Wednesday, 30 April 2014

"We Are All Insignificantly Infinite" by Kim Bellamy Artist


"We are all Insignificantly Infinite" 
Watercolour, graphite and thread on paper
By Kim Bellamy Artist

This piece came about after a conversation with my therapist. I was talking about how I feel very insignificant compared to my family and friends, how my life isn't going how I planned and how my mental health issues are weighing me down at this precarious time. 

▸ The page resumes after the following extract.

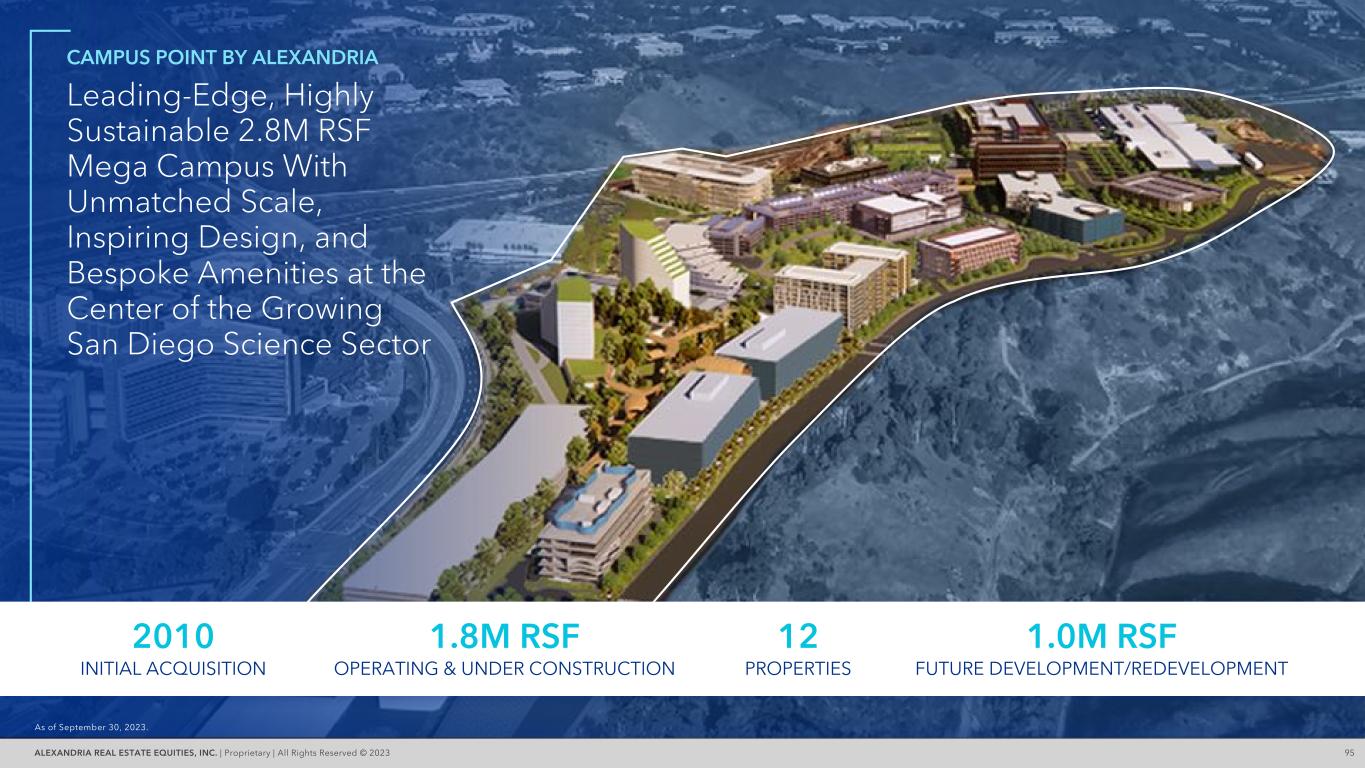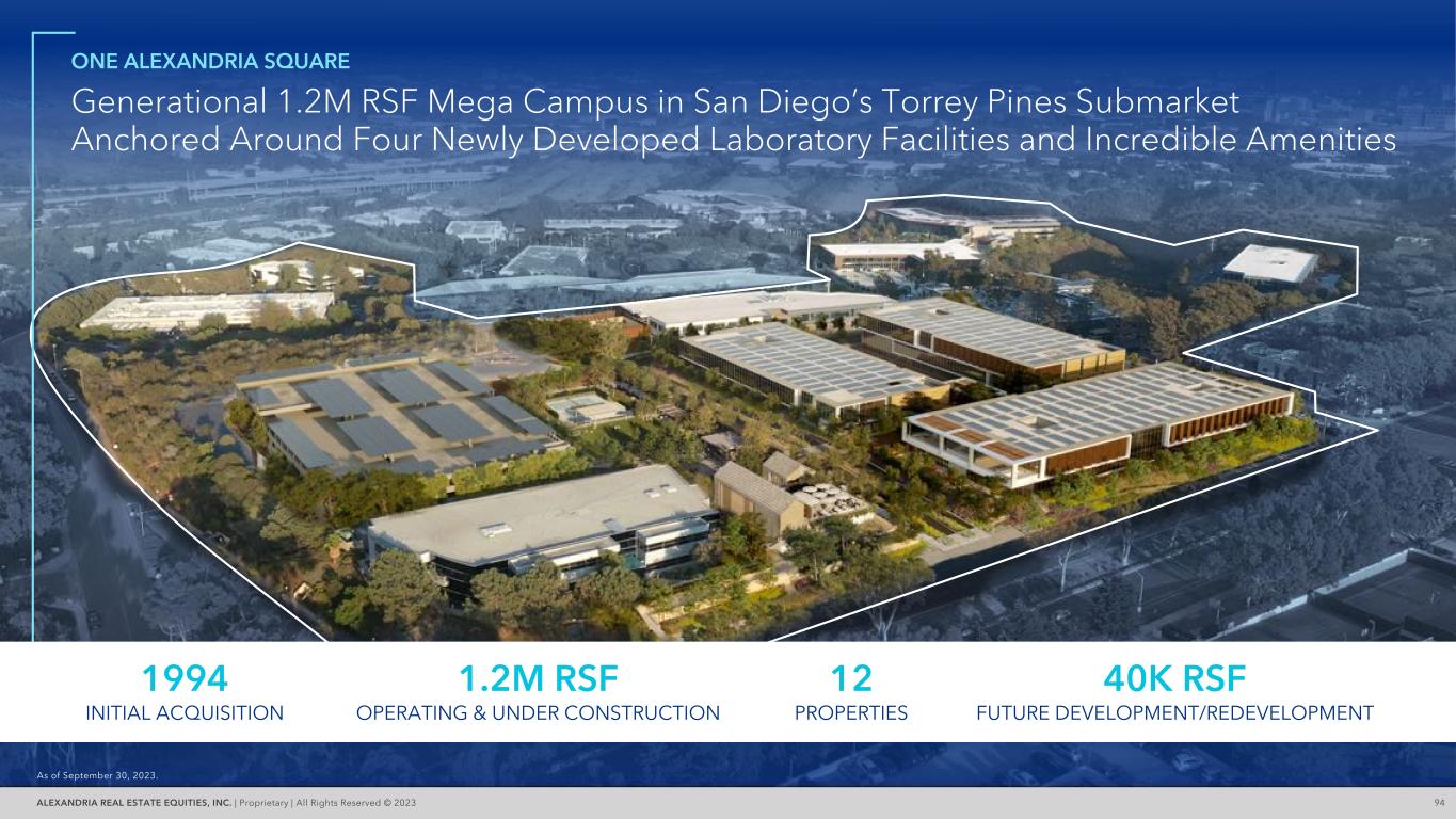 93ALEXANDRIA REAL ESTATE EQUITIES, INC. | Proprietary | All Rights Reserved © 2023 ALEXANDRIA HAS STRATEGICALLY ASSEMBLED HIGHLY DESIRABLE MEGA CAMPUSES IN THE SAN DIEGO SCIENCE SECTOR MEGA CAMPUS CAMPUS POINT BY ALEXANDRIA 2.8M RSF As of September 30, 2023. RSF includes future development/redevelopment. MEGA CAMPUS SD TECH BY ALEXANDRIA 1.8M RSF MEGA CAMPUS ONE ALEXANDRIA SQUARE 1.2M RSF MEGA CAMPUS 5200 ILLUMINA WAY 1.2M RSF

I've always been out of sync with people.
I've always been 2 fashion trends behind, a season behind, always late for everything. And sometimes I feel like I'm so insignificant that I could just blow away.
The above title was penned by my therapist and it stuck with me so I had to create a visual art work from it.
The person in the bell jar is me.
Completely isolated from the rest of the world with only the infinity of space for company.
I think it is quite a romantised image of how I have been feeling lately; but I try to look at it from the angle of: if I hadn't ever of felt this way then I wouldn't have been able to create this artwork.

During my first year of Uni, I was consumed by my depression so now when I feel that way I try to think positively and productively. Creating artwork that surrounds this subject is highly personal to me and I was told by my favourite tutor (Alli) not to use my artwork as a type of therapy...sorry Alli but I've come full circle and it works for me.